13:09 Mais on va te répondre, tu ne peux pas dire qu'il n'y a plus de démocratie,
13:13 vu que, régulièrement, les gens votent.
13:16 - Oui. Alors ça, je ne suis pas sûre d'avoir dit qu'il n'y a plus de démocratie.
13:19 J'ai dit que la démocratie était menacée, de plus en plus menacée
13:23 par la radicalité du système capitaliste et par rapport aux votes que l'élection,
13:30 que revendique y compris le président de la République.
13:33 Je trouve que les quelques données chiffrées de la Sociologue sont bienvenues
13:38 quand on sait que les cadres et les professions libérales représentent 22% de la population active,
13:45 mais qui sont 72% à l'Assemblée nationale, alors que les ouvriers et les employés
13:50 qui représentent 47% de la population active ne sont que 5,7.

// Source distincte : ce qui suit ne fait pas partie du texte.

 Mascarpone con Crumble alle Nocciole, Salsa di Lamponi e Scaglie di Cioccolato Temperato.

13:55 Ce n'est pas vrai. On n'est pas dans un régime démocratique parce que, évidemment,
14:00 le fait qu'il n'y ait pas la reconnaissance du vote blanc dans les suffrages exprimés,
14:05 c'est profondément antidémocratique. Le fait que les dons financiers
14:12 pour aider les candidats à se présenter sont défiscalisés
14:16 et profitent beaucoup plus aux riches évidemment qu'aux plus modestes,
14:20 que les instituts de sondage appartiennent tous à des milliardaires,
14:23 que la presse appartient massivement aux milliardaires.
14:27 Je veux dire, quand la pensée unique est à ce point assourdissante,
14:31 on se dit "ouais, on nous parle de pays avec des parties uniques et des oligarques,
14:37 et nous, en France, qu'est-ce qu'on a ? Pour moi, on a la pensée unique et des oligarques
14:43 dans la mesure où l'oligarchie, c'est bien ce moment-là du système capitaliste
14:47 où toutes les richesses et les pouvoirs sont accaparés par une petite caste.

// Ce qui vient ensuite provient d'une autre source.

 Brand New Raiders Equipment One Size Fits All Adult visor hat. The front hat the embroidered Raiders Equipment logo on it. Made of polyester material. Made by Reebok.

14:51 Ce livre, donc, il est traversé par la bataille des retraites,
14:54 mais aujourd'hui, finalement, on ne parle plus tellement de cette bataille des retraites.
14:58 Le texte est entré en application en début septembre,
15:02 et l'actualité est monopolisée par les abayas et les questions qui divisent,
15:07 finalement, le gros bloc qui refusait à toute force l'allongement de l'âge de départ à la retraite.
15:12 C'est-à-dire, il y a quelques mois, on se sentait puissant,
15:14 parce qu'il y avait 70, 80, 90 % des Français ou des actifs
15:19 qui étaient d'accord sur le fait que le pouvoir avait tort.
15:24 Mais là, le temps est passé, d'autres débats sont venus fracturer ce bloc populaire,
15:30 ce bloc majoritaire, extrêmement majoritaire, qui va subir l'allongement de l'âge de départ à la retraite.
15:37 Et finalement, notre discussion semble anachronique.
15:41 - Pas du tout. Alors moi, je ne le vis pas comme ça.
15:44 D'une part, parce qu'il y a ce petit livre qui sort et dont la mission est précisément
15:49 de montrer à tous ceux qui se sont battus pendant des mois,
15:54 qui ont beaucoup sacrifié de leur temps, mais c'était aussi de la joie d'être ensemble.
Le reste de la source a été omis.